**SUPPLIED RECORDS:**
---------------

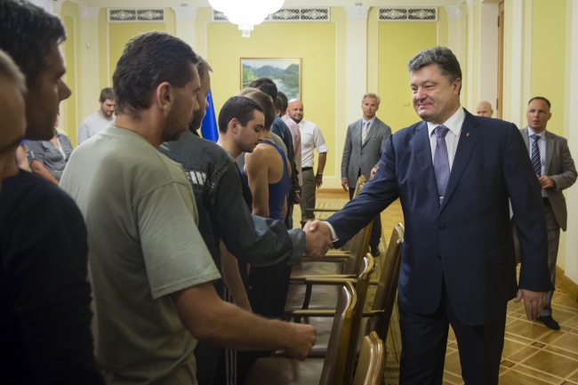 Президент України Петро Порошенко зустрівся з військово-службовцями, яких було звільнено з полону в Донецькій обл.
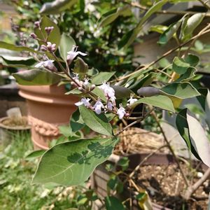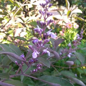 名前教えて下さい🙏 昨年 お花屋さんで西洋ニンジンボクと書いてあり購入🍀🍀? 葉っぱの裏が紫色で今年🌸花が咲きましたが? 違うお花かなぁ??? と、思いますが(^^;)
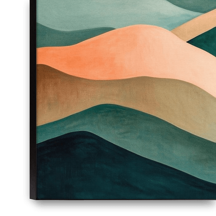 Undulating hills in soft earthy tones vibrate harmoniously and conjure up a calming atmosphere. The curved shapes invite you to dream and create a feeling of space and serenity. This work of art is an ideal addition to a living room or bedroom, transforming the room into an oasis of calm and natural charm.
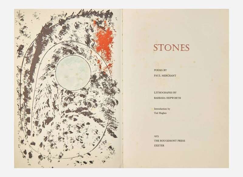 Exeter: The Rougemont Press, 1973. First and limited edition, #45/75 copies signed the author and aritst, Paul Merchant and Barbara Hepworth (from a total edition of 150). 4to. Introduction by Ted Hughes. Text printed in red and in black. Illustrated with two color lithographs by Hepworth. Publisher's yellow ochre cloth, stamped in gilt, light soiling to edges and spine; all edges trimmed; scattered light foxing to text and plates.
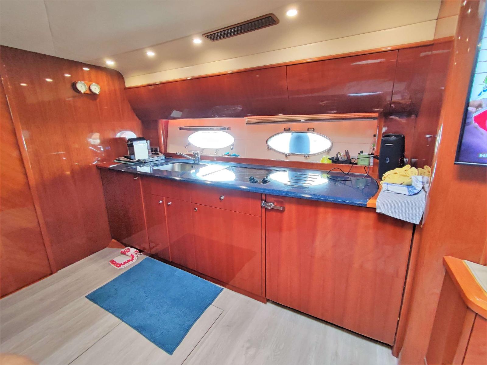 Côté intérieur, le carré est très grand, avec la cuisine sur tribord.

---------------

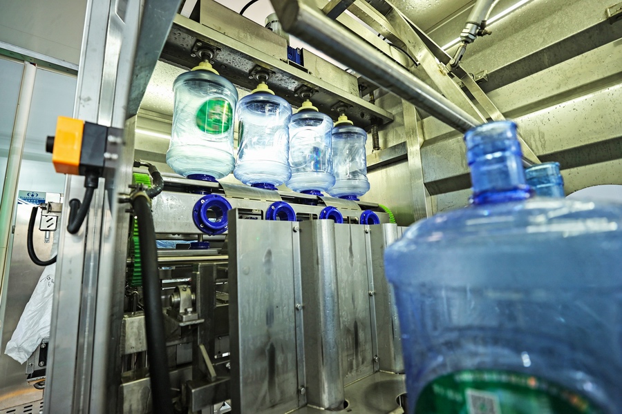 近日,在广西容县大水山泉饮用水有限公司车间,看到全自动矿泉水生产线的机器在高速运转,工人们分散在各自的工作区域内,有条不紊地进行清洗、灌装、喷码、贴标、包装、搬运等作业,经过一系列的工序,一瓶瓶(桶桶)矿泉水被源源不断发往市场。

---------------

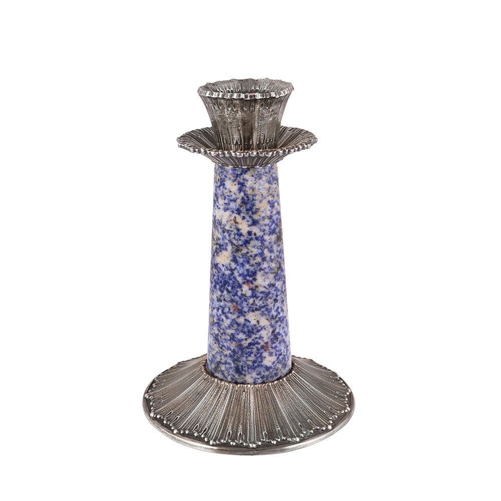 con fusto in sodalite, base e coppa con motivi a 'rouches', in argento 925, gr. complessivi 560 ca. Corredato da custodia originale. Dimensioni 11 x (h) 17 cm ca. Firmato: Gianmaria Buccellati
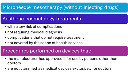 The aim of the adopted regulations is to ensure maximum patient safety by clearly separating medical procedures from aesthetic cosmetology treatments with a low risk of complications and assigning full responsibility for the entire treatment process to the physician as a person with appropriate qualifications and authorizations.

---------------

**YOUR ASSIGNMENT:** Only one part of the material above is wanted: the lines from the one with "名前教えて下さい🙏 昨年 お花屋さんで西洋ニンジンボクと書いてあり購入🍀🍀?" up to and including the one with "Côté intérieur, le". Please copy them exactly, pictures left out.

**TASK ANSWER:**
 名前教えて下さい🙏 昨年 お花屋さんで西洋ニンジンボクと書いてあり購入🍀🍀? 葉っぱの裏が紫色で今年🌸花が咲きましたが? 違うお花かなぁ??? と、思いますが(^^;)
 Undulating hills in soft earthy tones vibrate harmoniously and conjure up a calming atmosphere. The curved shapes invite you to dream and create a feeling of space and serenity. This work of art is an ideal addition to a living room or bedroom, transforming the room into an oasis of calm and natural charm.
 Exeter: The Rougemont Press, 1973. First and limited edition, #45/75 copies signed the author and aritst, Paul Merchant and Barbara Hepworth (from a total edition of 150). 4to. Introduction by Ted Hughes. Text printed in red and in black. Illustrated with two color lithographs by Hepworth. Publisher's yellow ochre cloth, stamped in gilt, light soiling to edges and spine; all edges trimmed; scattered light foxing to text and plates.
 Côté intérieur, le carré est très grand, avec la cuisine sur tribord.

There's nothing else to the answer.